Наглядной ли формулой для выведения уготованной ей смерти казались Тейлор останки моего друга? В последние недели жизни Вон не мог думать ни о чем другом, помимо ее смерти. Помимо тех фатальных травм, расписываемых им с самоотдачей Наполеона, готовящего наступление на Сирию. Стены его квартиры рядом с киностудией в Шеппертоне были все увешаны фотографиями, снятыми через зум-объектив; он щелкал их каждое утро, когда она покидала отель, — с пешеходных мостов при бегущих на запад автомагистралях, с крыши студийной многоэтажной парковки. Детализованные снимки ее коленей, рук, уголков губ, внутренних сторон бедер я — слегка встревоженный — готовил для Вона в своем офисе. Комплектовал и передавал ему результат — что‑то вроде раскадровки смертного приговора. Бывая в его квартире, я наблюдал, как он накладывает на части ее тела снимки гротескных ранений из учебника по пластической хирургии.
Вон был одержим видением ее смерти. Его пленили образы окровавленного хрома и та синхронность, с которой сомнутся корпуса их автомобилей при лобовом столкновении, — эту сложную сцену он, несомненно, много раз прокручивал в голове в замедленной съемке; его приятно волновало то, что они с Элизабет могут получить почти идентичные травмы. Раскалывается гладь лобового стекла, осколки вонзаются в лицо новой мертворожденной Афродите, геральдический клюв маскота производителя авто распарывает ее матку, семенники Вона выплескиваются на люминесцентные циферблаты, навеки зарегистрировавшие температуру двигателя и уровень топлива в баках.

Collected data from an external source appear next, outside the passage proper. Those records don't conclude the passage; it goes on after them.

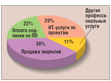Компания была образована в 1989 г. и уже более 12 лет работает как публичная корпорация. В ней трудится около 2700 человек, ее представительства находятся в 26 странах мира (в Украине есть только партнеры). В 2005-м ее доходы составили 843 млн. долл., при этом динамика годового роста бизнеса Mecrury весьма значительна — 35 и 23% соответственно в 2004 и 2005 гг. Доходы компании складываются из поставок ПО и оказания ИТ-услуг заказчикам (рис. 1). Продукты Mercury недешевы, а потому круг ее клиентов — крупные корпоративные заказчики, преимущественно из списка Fortune 1000, те, кто может себе позволить устанавливать продукты Oracle, SAP, использовать мэйнфреймы IBM и т. д.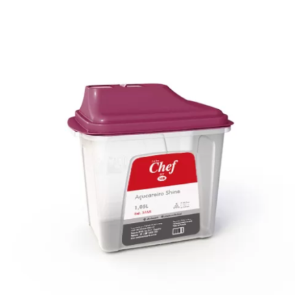Açucareiro com capacidade de 460 ml, produzido em plástico PP transparente e resistente.
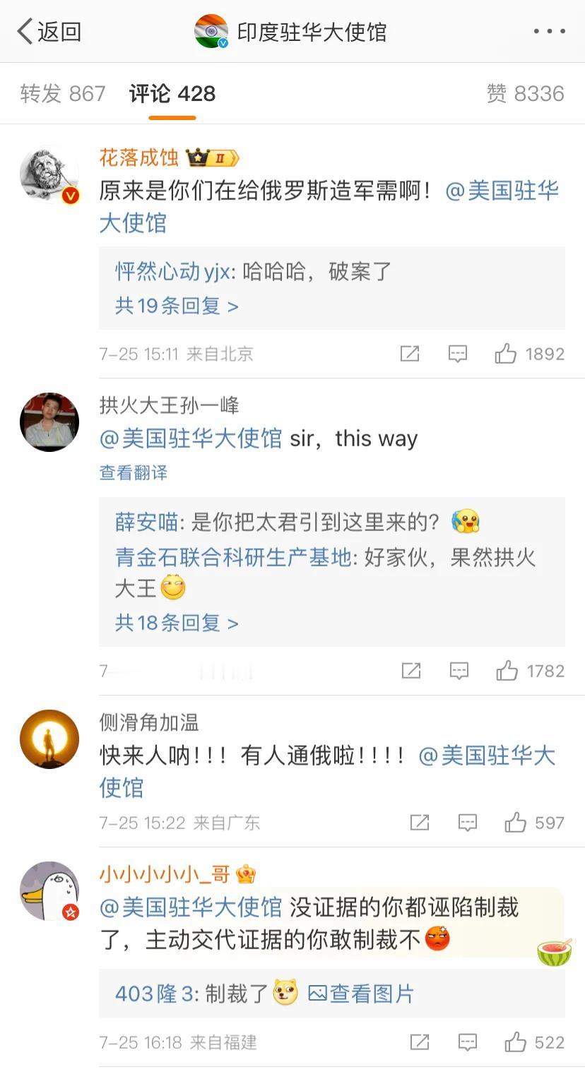 印度驻华大使馆微博发文吹嘘,“比哈尔制造”靴子现在已成为俄罗斯军队装备的一部分,展示了印度产品出人意料的全球影响力。很多中国网民在评论区@美国驻华大使馆 ,检举揭发印度向俄罗斯提供军队装备。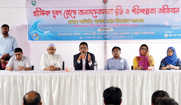 খুলনা সিটি কর্পোরেশনের প্রশাসক মোঃ ফিরোজ সরকার বলেছেন, সুন্দর ও শান্তিপূর্ণ বিনোদনের জন্য পরিচ্ছন্ন পরিবেশের গুরুত্ব অপরিসীম। পরিবেশ রক্ষা করে একটি স্বচ্ছ, প্রাণবন্ত নগরী গড়ে তুললে মানে শুধু পর্যটকদের আকর্ষণ বাড়বে না, পাশাপাশি স্থানীয় ব্যবসায়ী ও ট্রলার চালকদের আয়ের পরিমাণও বৃদ্ধি পাবে। তিনি এ কথা বলেন মঙ্গলবার বিকেলে নগরীর ৭নং ঘাট এলাকায় প্লাস্টিক দূষণ রোধে জনসচেতনতা বৃদ্ধির জন্য আয়োজিত পরিচ্ছন্নতা অভিযানের উদ্বোধনী অনুষ্ঠানে প্রধান অতিথির বক্তৃতায়। এই অনুষ্ঠানের আয়োজন করে খুলনা সিটি কর্পোরেশন (কেসিসি) ও খুলনা প্রকৌশল ও প্রযুক্তি বিশ্ববিদ্যালয় (কুয়েট) যৌথভাবে, ‘সাসটেইন্যাবল ক্যাপাসিটি বিল্ডিং টু রিডিউস ইরিভার্সিবল পলুশন’ (এসসিআইপি) প্রকল্পের আওতায়। পুলিশি উদ্যোগে এই ধরনের কার্যক্রমের মাধ্যমে নগরবাসীর মধ্যে সচেতনতা বাড়ানো এবং পরিবেশের প্রতি সচেতনতা জোরদার করার লক্ষ্যে এই উদ্যোগ নেওয়া হয়েছে।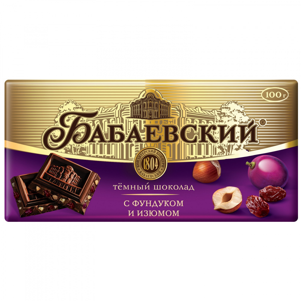 Шоколад темный Бабаевский "Фундук и изюм", 100 г

В этих картинах последнего столкновения Вон обнаруживал редкие крупицы покоя. Он рисовал их с чувственной нежностью давно оставленного любовника. Его возбуждение нельзя было скрыть постоянным и хаотичным перемещением по комнате или судорожным поиском в ворохе фотографий. В то же время он знал, что мне все видно, и тем провоцировал меня. Он‑то мог отринуть удовольствия бренной плоти в любой момент, раз и навсегда. Потому‑то я и не покидал его.

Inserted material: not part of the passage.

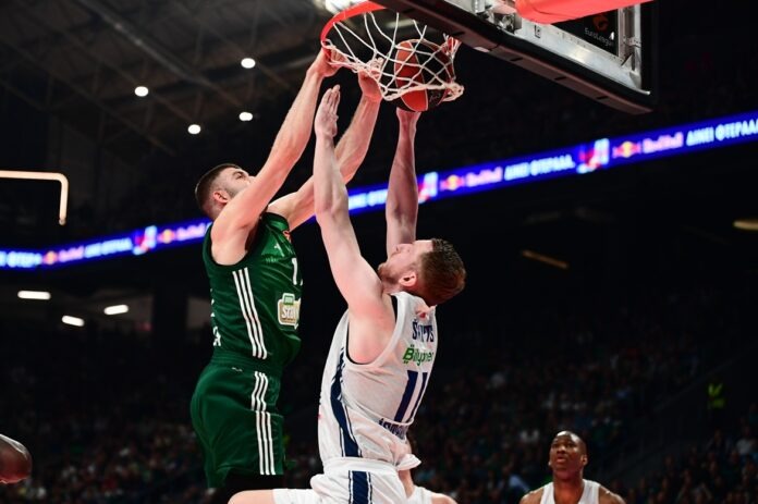 Ο Νίκος Ρογκαβόπουλος πραγματοποίησε ένα εκπληκτικό κάρφωμα σε μια φάση που έδωσε την απαραίτητη ώθηση στους «πράσινους» και ανέβασε τα ντεσιμπέλ στο «Τ-Center».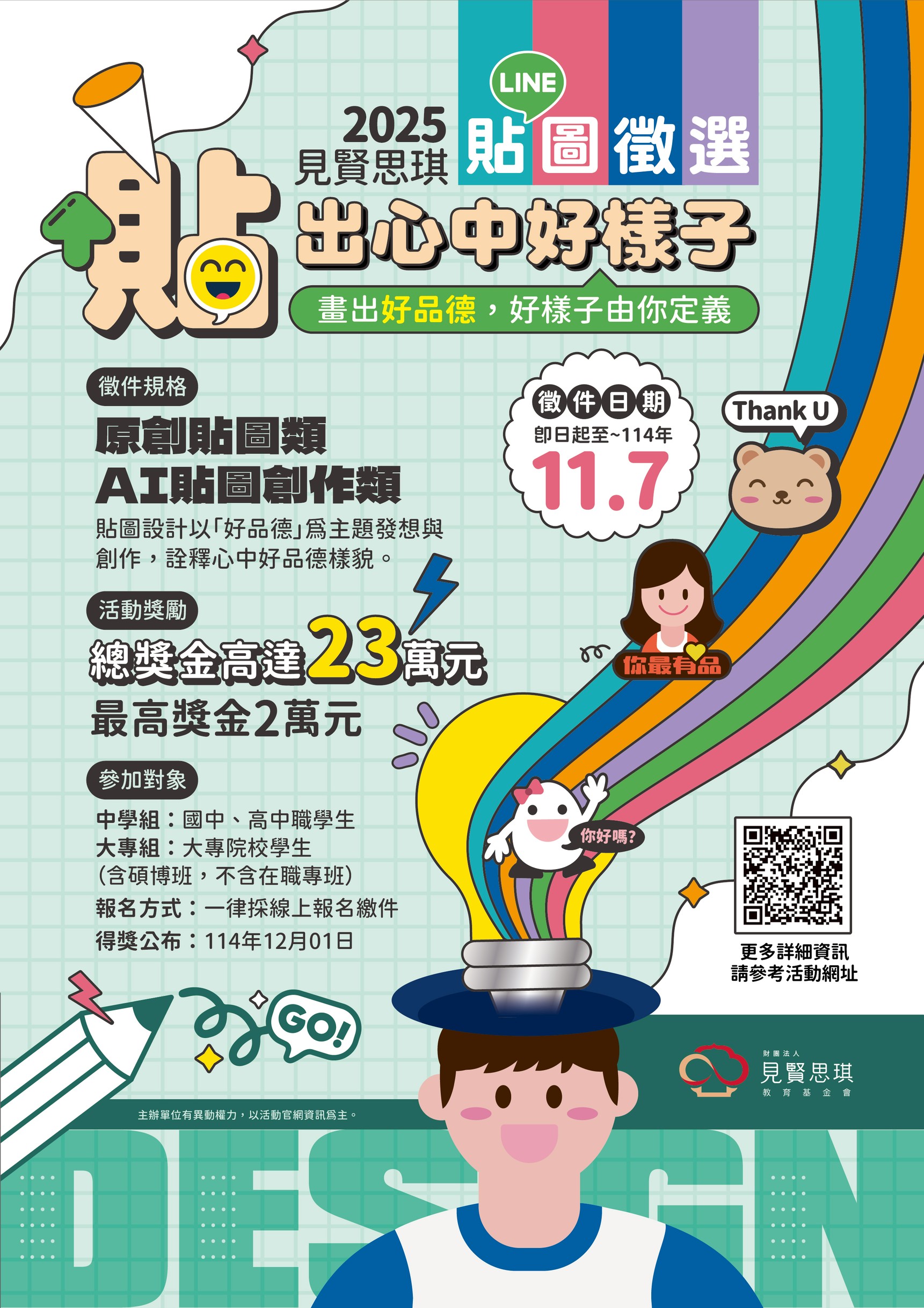 本次徵選項目為「品德貼圖」,參賽作品將經由評選出得獎作品,並予以獎金與獎狀表揚,得獎者需出席頒獎典禮。活動資訊:https://pse.is/84tdgx。相關活動問題請洽承辦人:林睿哲專員,聯絡電話:(02)2308-0608。

Десять дней назад Вон угнал машину из моего гаража и помчался вверх по бетонной рампе — биомеханическое чудовище, вырвавшееся из клетки. А вчера его тело простерлось у подножия эстакады, подсвеченное прожекторами полиции, прикрытое тонким кровавым кружевом. Переломанные в неожиданных местах руки и ноги, смещенная геометрия лица — все это будто пародировало те памятки — нет, памятники! — по транспортному травматизму, которыми Вон обклеил стены своей кельи. Я в последний раз наблюдал его стояк, тогда — посмертный, а в двадцати ярдах от отеля — мигалки по‑прежнему бросали на нее свой прерывистый свет — актриса висла на руке своего шофера. А Вон ведь мечтал умереть в момент ее оргазма.
Перед смертью он успел поспособствовать не одной аварии. Думая о Воне, я только это и вижу: угнанные машины, за рулем которых он побывал, металл, пластик, все — смятое, все — деформированное, завившееся саваном для моего друга. Двумя месяцами ранее, на нижнем уровне эстакады аэропорта, он уже репетировал свою смерть. Таксист помогал двум испуганным стюардессам выбраться из компактного автомобильчика — Вон протаранил его и откатился в кювет. Едва подбежав к машине, я увидел его — сквозь расколотое стекло белого кабриолета, угнанного им со стоянки Третьего терминала Хитроу. Осколки сияли в свете солнца — разбитая радуга, каждым бликом своим ликующая на его лице, лице мученика с обкусанными губами. Я вырвал помятую пассажирскую дверь из рамы. Вон покоился на усыпанном осколками сиденье, и во взгляде его читалось торжество, казалось бы столь несвойственное его тогдашнему положению. А положение было такое: руки — ладонями вверх — раскинуты в стороны, все в крови из раненых коленей, по лацканам кожаной куртки стекает рвота, ширинка расстегнута — Вон тогда подался вперед и коснулся комков спермы на приборной доске. Я попытался вытащить его из объятий машины, но его хорошо зажало, узкие ягодицы свело вместе так, будто автомобиль помогал ему выжать последние капли жидкости из семенников. На сиденье рядом с ним лежали свежепроявленные снимки Элизабет Тейлор. Гротескно увеличенные губы, бровь, грудь, локоть, и все это — одной страшной травмой — сшито в единое, органичное целое.
Вон был влюблен в автокатастрофы. Он питал к ним страсть, он желал их. Он путался с мелочными шлюхами, что ошиваются близ круглосуточных кафе и супермаркетов у лондонского аэропорта. Ну и догадайтесь, где он их трахал, — конечно же, на заднем сиденье какой‑нибудь разбитой машины. Я видел снимки. Полароидная вспышка: они — во всех этих сложных позах, напряженные лица, сведенные судорогой бедра. А потом он перешел на калек, увечных, — они состояли в более очевидном родстве с картинками из его любимых хирургических пособий. Вон тщательно выбирал, за какой травмой ухаживать. Ампутация после гангрены. Тяжелые лицевые увечья. Увечья половых органов.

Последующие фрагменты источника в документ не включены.